Third and finally, we addressed this difference in the dose by independently deriving cells resistant to 100nM of either doxorubicin or epirubicin. With these cells, we recapitulated the main findings from DoxR and EpiR cells, upholding the conclusions of the paper, i.e. that there are some similar adaptations, as well as unique adaptations, such as increased OXPHOS capacity in the EpiR cells and the elevated usage of glutamine for glutathione synthesis in DoxR cells.

To further address the reviewer’s concern and confirm that these cells are indeed stably resistant, we performed a drug holiday experiment. After 7 weeks of proliferation without drug, both DoxR and EpiR cells fully retained their level of resistance when re-exposed to 98.1 nM doxorubicin and 852 nM epirubicin, respectively – see Figure 1—figure supplement 1A in the resubmitted manuscript.

Other points:

1. Can the authors do any experiments to explore (or possibly speculate in the discussion) why the two drugs would elicit different resistance mechanisms?

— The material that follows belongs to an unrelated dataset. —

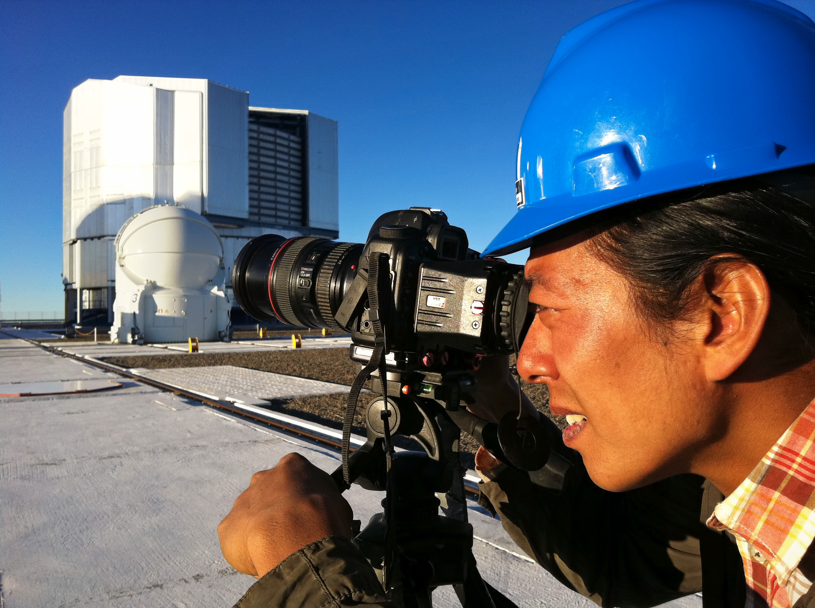 Kyle G. Johnson, the producer and host of the Chinese TV travel series All the Way South, filming at sunset from the Very Large Telescope platform at Cerro Paranal on 5 December 2011.

We thank the reviewer for this point, and have elaborated on this further in the Discussion section of the manuscript (pages 16-17). Briefly, we describe that structural differences between these drugs may play a role, as they may lead to distinct on- and off-target effects including differential rates of drug-induced ROS production. Cardiotoxicity, a common side effect of anthracyclines, is linked to oxidative stress and epirubicin has been shown to induce less cardiotoxic effects than doxorubicin, even if both drugs display equivalent response rate to treat breast cancer (https://doi.org/10.1159/000500204). Breast cancer cells treated with doxorubicin may therefore face a greater oxidative challenge than those treated with epirubicin, which aligns with a greater dependence of doxorubicin-resistant cells on de novo glutathione synthesis.

2. The increase of pyruvate carboxylase in EpiR cells is interesting. What is the phenotypic value of such a metabolic alteration in resistance?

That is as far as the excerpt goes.